Horack: Again, I think it is very important that the manuscript be quite polished, as I assume “overall readiness to be published in the near future” is an important factor in many book competitions. Also, in putting my book together, I made it my goal to get at least half of the stories accepted by various literary journals. I think that was a good strategy, as it helped ensure that a large portion of the manuscript had already been vetted, to some extent. So take advantage of all the hardworking and brilliant people working at the hundreds of literary journals out there. Finally, remember that you have to play to win. So much of being a writer is learning not to be afraid of rejection. I wish I could say that the Bakeless was the first competition I ever entered, but that’s very, very far from the truth.

 

We also asked the winners what they were anticipating about the attending the storied conference, now in its eighty-fourth year. One thing all of them said that they were geared up to do: commune with talented writers, including one another. "I think writers spend so much time fretting that it’s nice to take a moment every now and then to relax and acknowledge that you’re doing something you love, and that you’re doing it voluntarily," said Horack. "So, I suppose my main goal is to go and meet some wonderful people, learn a lot about writing and teaching, and say a truckload of thank-yous, then head back home with my batteries recharged, ready to put my head back down and write."

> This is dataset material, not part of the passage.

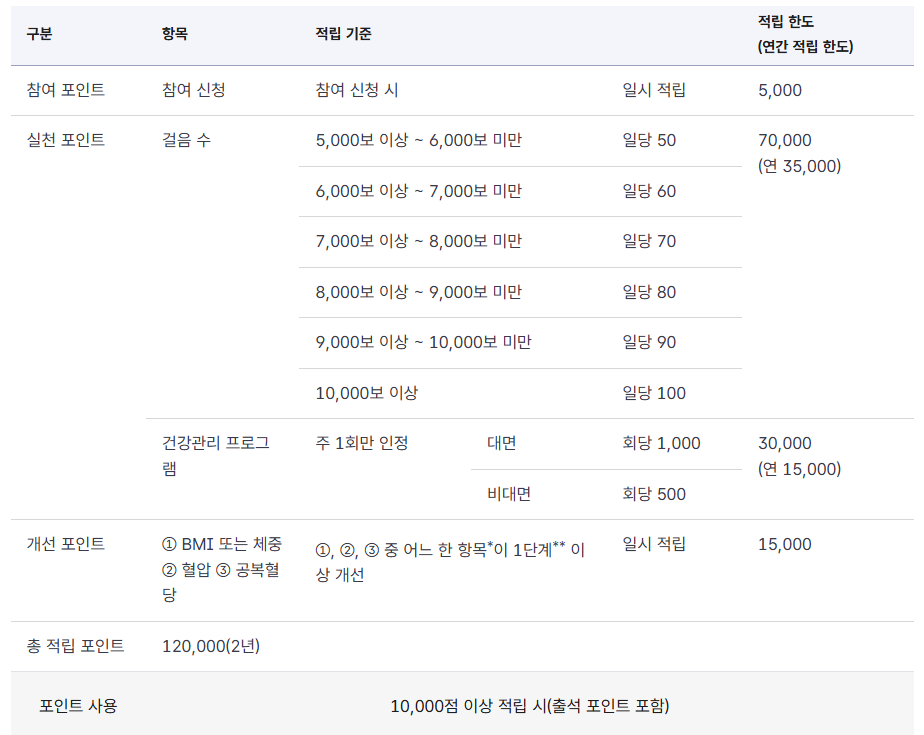 이 제도는 건강검진 결과 비만, 고혈압, 고혈당 등 위험요인이 있는 국민에게 포인트 형태의 인센티브를 지급하여, 꾸준한 건강관리 습관을 유도합니다.
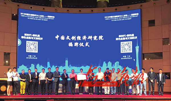 会上,中共中央宣传部原常务副部长龚心瀚,广州市文化体制改革与文化产业发展办公室主任皮健,新华社原亚太分社社长、亚太日报社社长俱孟军为世界创意之父John Howkins、广州市社会科学院副院长尹涛、广州市融资担保中心董事长黄强等40人颁发了广州市文化产业专家库及广州文化创意企业板评审委受聘书,并为以广州市文化产业专家库为基础发起设立的中国文创经济研究院揭牌,中国民主建国会广东省委员会相关领导及花都区委区政府参与见证。此外,广州市文化金融服务中心与广东省商业美术设计行业协会还举行了广州市文创产品成果转换交易平台签约暨启动仪式,以及花都区文化金融企业路演及市文化金融信贷产品推荐。

Manuscript entries for next year’s Bakeless Prizes will be accepted from September 15 to November 1, and the winners will be announced in spring 2010. The 2009 winners are Nick Lantz of Madison, Wisconsin, for his poetry collection We Don’t Know We Don’t Know; Belle Boggs of Washington, D.C., for her novel, Mattaponi Queen; and Kim Dana Kupperman of Gettysburg, Pennsylvania, for her essay collection, I Just Lately Started Buying Wings. Their books will be published in 2010.

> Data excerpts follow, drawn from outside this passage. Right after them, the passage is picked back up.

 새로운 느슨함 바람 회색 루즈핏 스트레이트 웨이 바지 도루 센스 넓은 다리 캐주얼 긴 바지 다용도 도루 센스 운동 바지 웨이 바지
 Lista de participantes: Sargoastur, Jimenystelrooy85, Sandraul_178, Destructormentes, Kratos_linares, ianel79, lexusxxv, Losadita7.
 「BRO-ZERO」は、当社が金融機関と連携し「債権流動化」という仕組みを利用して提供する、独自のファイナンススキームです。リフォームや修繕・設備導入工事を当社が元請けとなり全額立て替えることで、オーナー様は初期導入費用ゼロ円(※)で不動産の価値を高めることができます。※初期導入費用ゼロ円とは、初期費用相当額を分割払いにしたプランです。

Multigenre Writers Win Ciardi/Chandra Prizes From BkMk Press

Megan Harlan and Mariko Nagai, both of them writers of poetry and fiction, have won 2009 book publication prizes from the University of Missouri's BkMk Press. Harlan, who lives in Berkeley, California, won the John Ciardi Prize for Poetry for her debut collection, Mapmaking, selected by Sidney Wade. Jonis Agee chose Nagai’s first story collection, Georgic, as winner of the G. S. Sharat Chandra Prize for Short Fiction. Each winner received one thousand dollars, and their books will be published by BkMk Press next year.

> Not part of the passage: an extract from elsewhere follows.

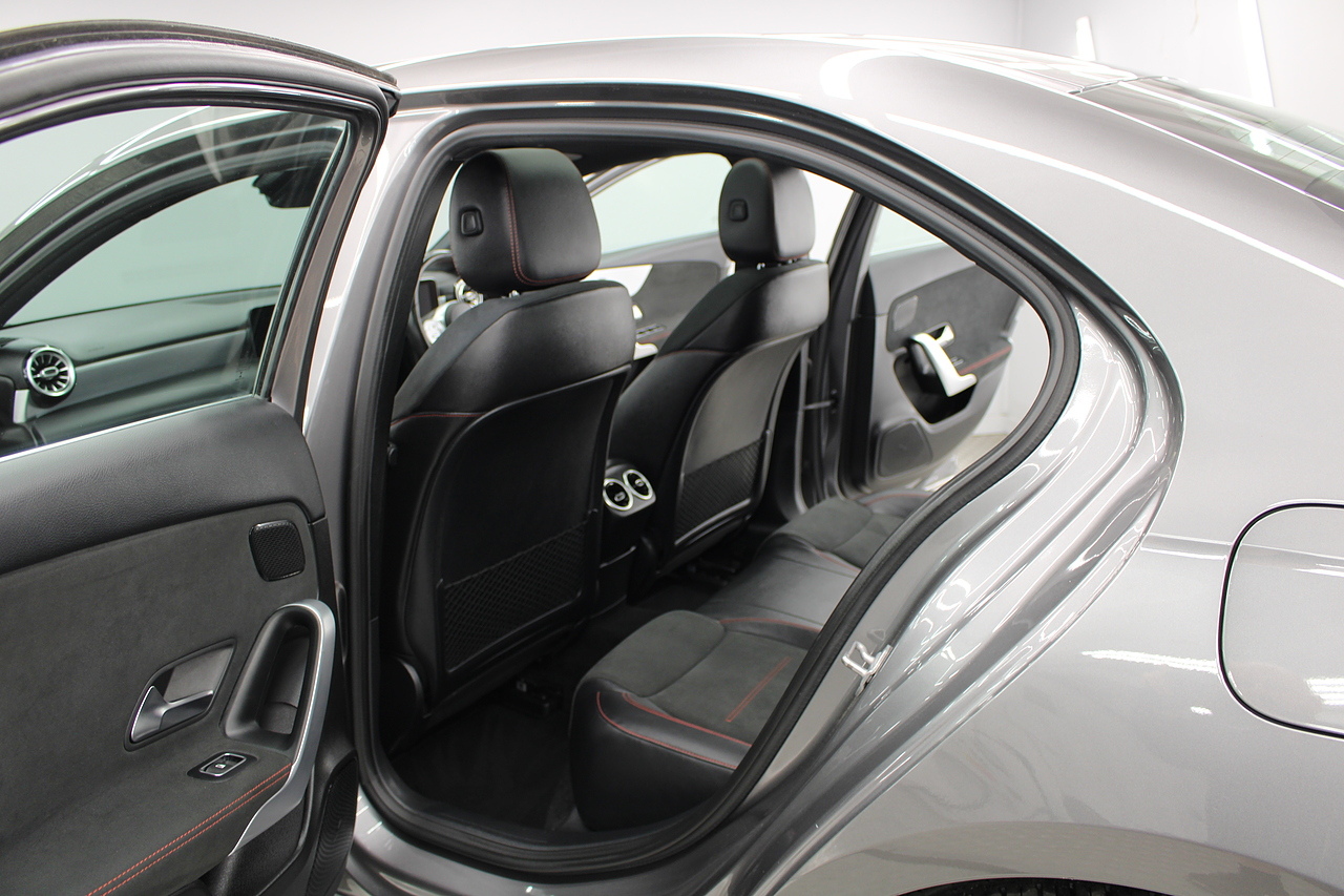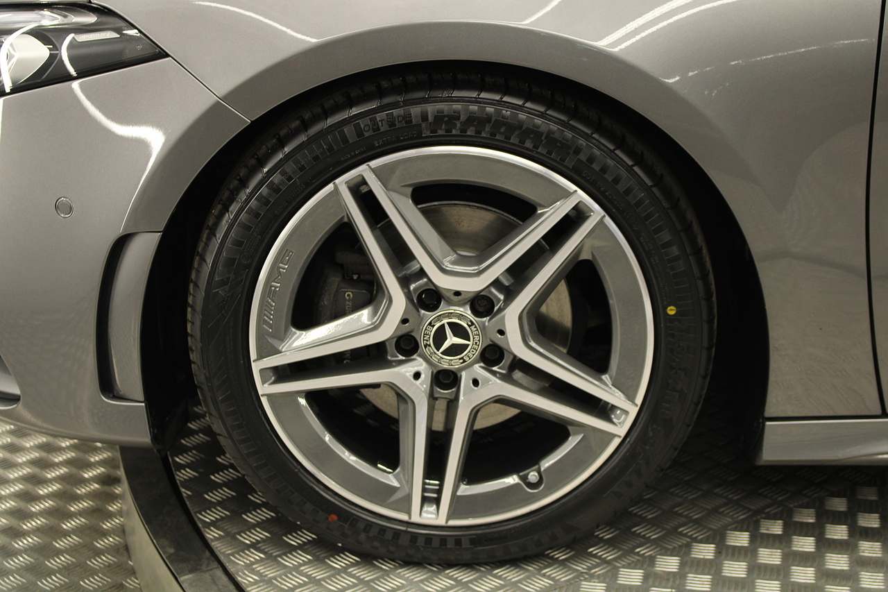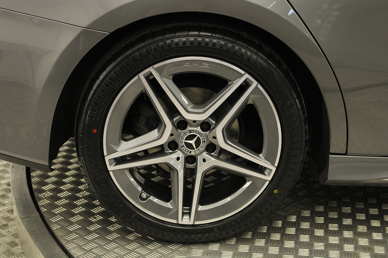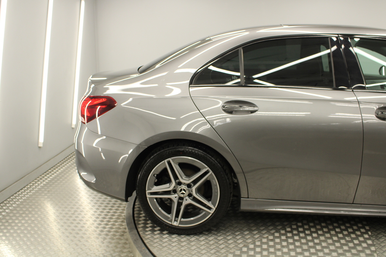 Finished in the beautiful mountain grey with the 18'' AMG wheels and panoramic sunroof, this sporty and stylish saloon gives the buyer a refreshing change over the ever popular Audi A3 saloon and BMW 2 series models.

Harlan’s poems and stories have appeared in AGNI Online, Meridian, Prairie Schooner, and Sycamore Review, among other journals. She has also written essays about her travels to global destinations such as the Orkney Islands of Scotland and the oases of Tunisia for the New York Times.

Nagai, who lives in Tokyo and teaches at Temple University’s Japan campus, has previously published a poetry collection, Histories of Bodies, which won the 2005 Benjamin Saltman Poetry Award and was released by Red Hen Press in 2007. She has also received Pushcart Prizes in both poetry and fiction, and translates Japanese literature.

The deadline for the 2010 book prizes is January 15. The contests are open to poetry manuscripts of 50 to 110 pages and short fiction manuscripts of 125 to 300 pages, and writers should submit an entry fee of twenty-five dollars along with each submission.

Deadlines Coming Up for Three Essay Competitions

For creative nonfiction writers looking to submit work before the summer’s end, three publications have essay contests underway. Literal Latté, an online journal that publishes a yearly anthology, is accepting entries for its Ames Essay Award until September 15, and the Creative Nonfiction Prize from Hunger Mountain, a print and online arts magazine published by Vermont College of Fine Arts, is open until September 10. Each awards offers a one-thousand-dollar prize and publication of the winning work.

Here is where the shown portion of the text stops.